Luckily today sees a couple of films I really want to watch hitting that screen; some stuff I’ve been waiting to see for a while and some stuff from a director I really love to watch work. So now the doors are open and I’m going in to see what kind of tat has been left on my seat today. I’ll catch you on the other side.


The Rezort

“Seriously. Fuck this island!”

Kicking off this morning’s festivities is this little zombie number. Introduced by the film’s director Steve Barker – of Outpost fame.

This fun little thriller centres on a group of tourists who visit “The Rezort”: a place filled with zombie leftovers of a years ago outbreak that people now pay to visit and quench their bloodlust. These tourists are left for dead when the multi-billion dollar fortress on the centre of the island is hacked and its security compromised. With the horde now loose and no way to stop them, the survivors only have a few hours to escape the island before it is levelled in an attempt to quarantine the virus.

Superb world building, and a cast that includes Dougray Scott seemingly having a ton of fun with this not-wholly-original but slightly-different take on zombie films. It’s refreshing to have a film where everyone already knows what a zombie is and the whole Jurassic Park meets Dead Island thing it has going is awesome.

Basically, The Rezort is what happens when you take video games movies away from Uwe Boll.


Abattoir

“You’re the last piece of this house’s puzzle.”

Darren Lynn Bousman, director of several Saw sequels and bizarre musical Repo: The Genetic Opera has returned to the horror genre with some interesting new ideas.

A throwback to noir mystery thrillers, Abattoir follows Julia (Jessica Lownders), a journalist trying to solve the mystery behind a series of bizarre acts centred around houses where a crime has been committed. Stumbling upon it after the room her sister and nephew are murdered in is stripped from he house, she drags her cop boyfriend Grady (Joe Anderson, who we saw at the start of the festival in My Father, Die) along to investigate the stranger that’s seemingly responsible for these weird goings on.

What starts like a violent mystery thriller quickly becomes a fun ghost story. The old collector, played with a brilliantly creepy tone by Deadwood‘s Dayton Callie, is one of my favourite bad guys/story tellers in quite a while. Bousman has put a creepy little film together that culminates in a brilliantly bat-shit haunted house segment that doesn’t scare you as much as show just how many different ways the man can think of killing people. Loved it. Well worth the wait.


The Master Cleanse

“I just wasn’t strong enough to finish.”

TheMasterCleanse_FilmStill_Final_FeaturingJohnnyGalecki_PhotoByMichaelFimognari

Crap knows what this was. A strange creature-feature drama type thing that invoked memories of Gremlins, except not as scary. A strange choice for a horror festival, The Master Cleanse sees Johnny Galecki and Anna Friel as a pair of lost souls looking to improve their lives with the ultimate cleansing retreat. Shipping themselves off to the country resort run by Oliver Platt and Angelica Houston, the pair are put through a cleanse that (quite literally) puts their negative energy in front of them to confront.
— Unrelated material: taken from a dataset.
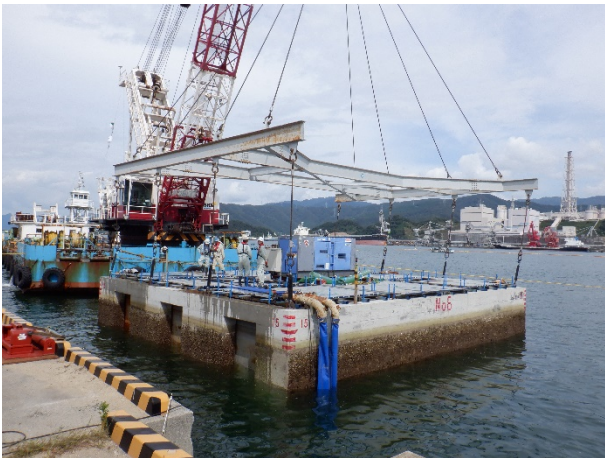
③ケーソン据付（進水）作業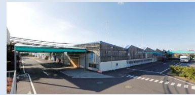
藤沢工場 (オーゼックステクノ)

I went in to this one pretty blind, not having a clue what I was letting myself in for. This weird little tale that starts with people throwing up little monsters that represent all the bad stuff in your life, just keeps going down the rabbit hole after that. The stars are decent in roles that, for the most part, I think are pretty alien to them. Strange little flick, I might need to watch it again to decide whether or not I like it.


Sadako Vs. Kayako

“One of you has to be sacrificed.”

So I went into is one a full blown skeptic. A fan of both Ringu and Ju-On, I wasn’t entirely convinced that a grudge match film was the way to go. I didn’t think it was the kind of film that really lent itself to the tonal shift you needed for something like this. There’s no two ways about it: you’ve got to bring the laughs Freddy Vs. Jason style or things could go awfully wrong.
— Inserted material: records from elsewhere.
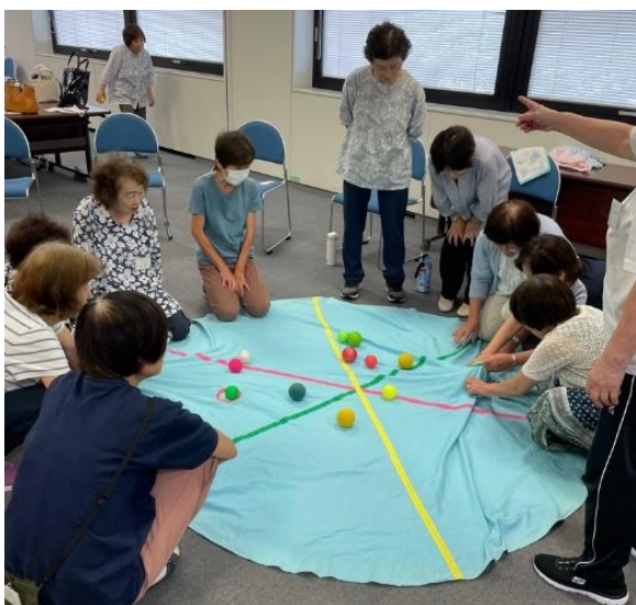
【認知症予防ゲーム】 .....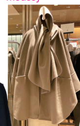
共布 ストール ケープ コート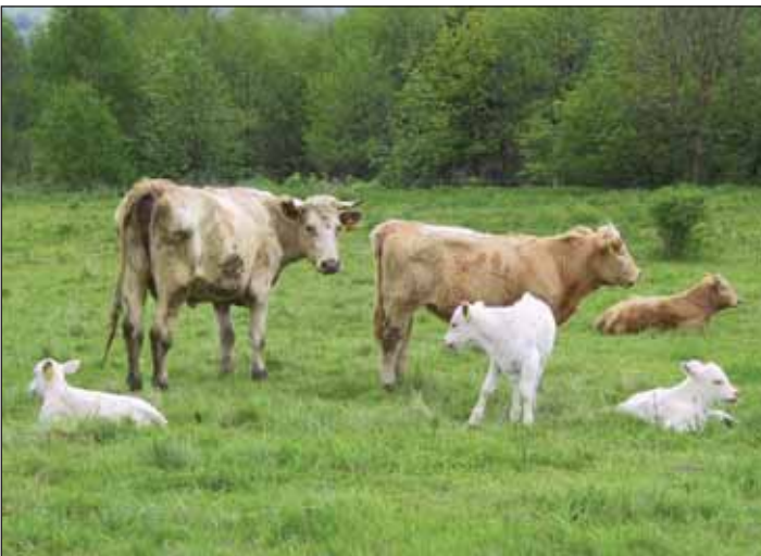
Posunutím pastvy dobytka na začátek srpna se může zajistit úspěšné hnízdění ptáků na pastvině.

I’m happy to report that I was wrong to be too worried. Sadako Vs. Kayako is a ton of fun on the big screen. It makes the smart decision early on to not take itself too seriously, substituting real creepy scares for (perhaps unintentional) laughs. It proves that Japanese cinema still has what it takes to be creepy and jumpy – even if we see very little of either here – but that it’s also willing to evolve a little to make itself relevant. While this is certainly Sadako’s film in so many ways; Kayako and Toshio are still the creepiest fucking things I’ve ever seen in my life!


Beyond The Gates

“Maybe don’t touch that again.”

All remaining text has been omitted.